## [Exercise description]
With the records below as your source, retype each line exactly from the top down to the line that contains "cubeco bjd wig", and include that line.

==== Records to use ====

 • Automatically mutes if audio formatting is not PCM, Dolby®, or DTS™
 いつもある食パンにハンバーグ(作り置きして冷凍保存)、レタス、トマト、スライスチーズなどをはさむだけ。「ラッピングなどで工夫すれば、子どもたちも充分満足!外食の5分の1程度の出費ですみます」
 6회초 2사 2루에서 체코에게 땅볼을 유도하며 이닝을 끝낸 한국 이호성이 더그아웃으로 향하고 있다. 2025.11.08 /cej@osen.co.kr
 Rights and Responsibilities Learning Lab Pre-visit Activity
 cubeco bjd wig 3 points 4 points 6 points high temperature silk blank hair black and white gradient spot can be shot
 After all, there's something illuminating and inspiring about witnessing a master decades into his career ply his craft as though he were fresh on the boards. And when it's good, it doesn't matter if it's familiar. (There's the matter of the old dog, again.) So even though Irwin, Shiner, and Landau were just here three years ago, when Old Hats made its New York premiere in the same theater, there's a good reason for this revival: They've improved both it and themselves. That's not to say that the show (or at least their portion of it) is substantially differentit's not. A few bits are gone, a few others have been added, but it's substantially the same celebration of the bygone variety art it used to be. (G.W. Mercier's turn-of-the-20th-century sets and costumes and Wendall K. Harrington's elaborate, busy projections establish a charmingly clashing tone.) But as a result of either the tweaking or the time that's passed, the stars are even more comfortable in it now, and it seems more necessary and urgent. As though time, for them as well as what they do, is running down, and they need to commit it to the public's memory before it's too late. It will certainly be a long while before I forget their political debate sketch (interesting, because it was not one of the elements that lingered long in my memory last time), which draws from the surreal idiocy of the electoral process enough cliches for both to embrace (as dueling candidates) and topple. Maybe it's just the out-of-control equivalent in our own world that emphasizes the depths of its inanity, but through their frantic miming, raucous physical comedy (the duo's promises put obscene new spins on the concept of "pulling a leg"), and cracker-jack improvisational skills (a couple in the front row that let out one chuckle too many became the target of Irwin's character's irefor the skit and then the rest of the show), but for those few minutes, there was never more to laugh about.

====

## [Output of the exercise]
 • Automatically mutes if audio formatting is not PCM, Dolby®, or DTS™
 いつもある食パンにハンバーグ(作り置きして冷凍保存)、レタス、トマト、スライスチーズなどをはさむだけ。「ラッピングなどで工夫すれば、子どもたちも充分満足!外食の5分の1程度の出費ですみます」
 6회초 2사 2루에서 체코에게 땅볼을 유도하며 이닝을 끝낸 한국 이호성이 더그아웃으로 향하고 있다. 2025.11.08 /cej@osen.co.kr
 Rights and Responsibilities Learning Lab Pre-visit Activity
 cubeco bjd wig 3 points 4 points 6 points high temperature silk blank hair black and white gradient spot can be shot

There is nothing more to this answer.